Swapping concave function and integral across inequality

Question

Let $(X,\mathscr{F},\mu)$ be a $\sigma$-finite measure space, suppose that $f$ and $g$ are non-negative integrable functions from $X$ to $\mathbb{R}$, and let $F$ be a non-negative strictly concave (or convex) function from $\mathbb{R}$ to itself.
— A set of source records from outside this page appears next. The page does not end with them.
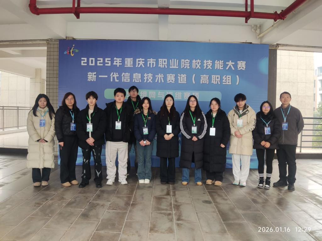 近日,2025年重庆市职业院校技能大赛新一代信息技术赛道高职组“5G组网与运维”赛项圆满落幕。我校云计算技术应用专业学生团队凭借其扎实的云平台架构设计能力、精湛的运维实操技能和卓越的协同创新精神,在强手如林的激烈竞争中脱颖而出,最终荣获该赛项银奖。这一优异成绩,是我校主动对接国家数字经济战略、深化新一代信息技术领域专业建设与教学改革的又一重要成果。
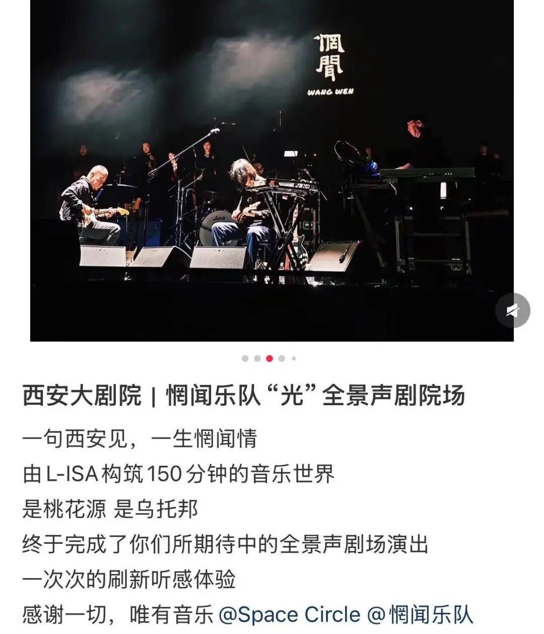 正如主办方在长文中科普的那样,西安大剧院是国内罕见的、“前区音响串数、只数足够,全场360度环绕覆盖全,且补声条件都很完善”的场地,完美“满足电声乐队或者说满足惘闻声音需求”。
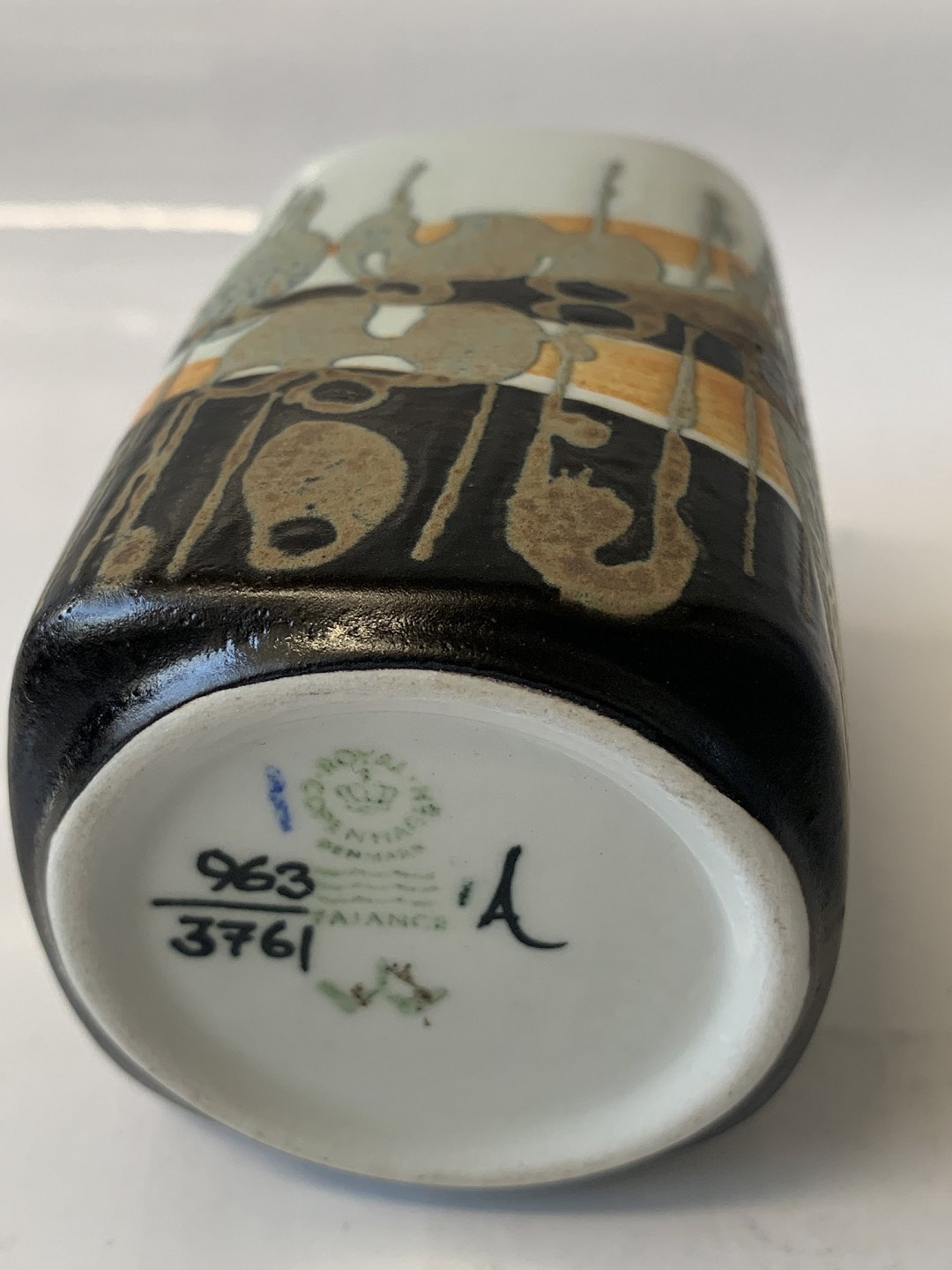 Royal Copenhagen Faience Siena, small vase. Designed and signed by Ivan Weiss. Decoration number 963/3761. 1st grade. Height 7.8 cm. Perfect condition without any flaws.
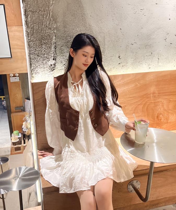 小白裙+棕色馬甲,這就是一套很亮眼復古的穿搭,腳下可以再選擇一雙與馬甲顏色相同的配色,這樣就打造出復古範了。有種美拉德風的既視感,出門度假遊玩這麼穿,真的很有回頭率,拍照也很上鏡哦。
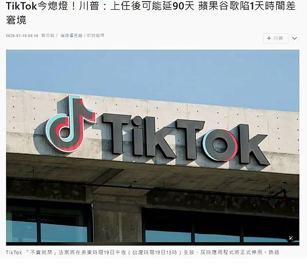 TikTok今熄燈!川普:上任後可能延90天 蘋果谷歌陷1天時間差窘境 | 川普重返白宮 | 全球 | 聯合新聞網

Under what conditions can we conclude that if $$ \int_{x \in X} f(x)\mu(dx)\leq\int_{x \in X} g(x)\mu(dx) $$ then $$ \int_{x \in X}(F(f(x)))\mu(dx) \leq\int_{x \in X}(F(g(x)))\mu(dx) . $$

Answer 1

The implication is true for all $f,g$ only if $F$ is affine linear. Assume that $F$ is not concave. Then there are $x_1,x_2$ and $\lambda\in (0,1)$ such that $$ F( \lambda x_1 + (1-\lambda)x_2) < \lambda F(x_1) + (1-\lambda) F(x_2). $$ Let $A$ and $B$ be disjoint sets with measure equal to $\lambda$ and $(1-\lambda)$. Define $$ f(s) = \chi_{A}(s) \cdot x_1+ \chi_B(s) \cdot x_2,\ g(s) = \chi_{A\cup B}(s)\cdot (\lambda x_1 + (1-\lambda)x_2). $$ Then $$ \int f d\mu = \int g d\mu. $$ But $$ \int F(f)d\mu = \lambda F(x_1) + (1-\lambda) F(x_2) > F( \lambda x_1 + (1-\lambda)x_2) = \int F(g)d\mu. $$ Similarly if $F$ is not convex, then the contradiction follows like above with $f,g$ in exchanged roles.

Hence, only functions $F$ of the type $$ F(x) = ax +b \quad (a\ge0) $$ fulfill the requirements. If $\mu(X)=+\infty$ then, of course, $b$ has to be zero.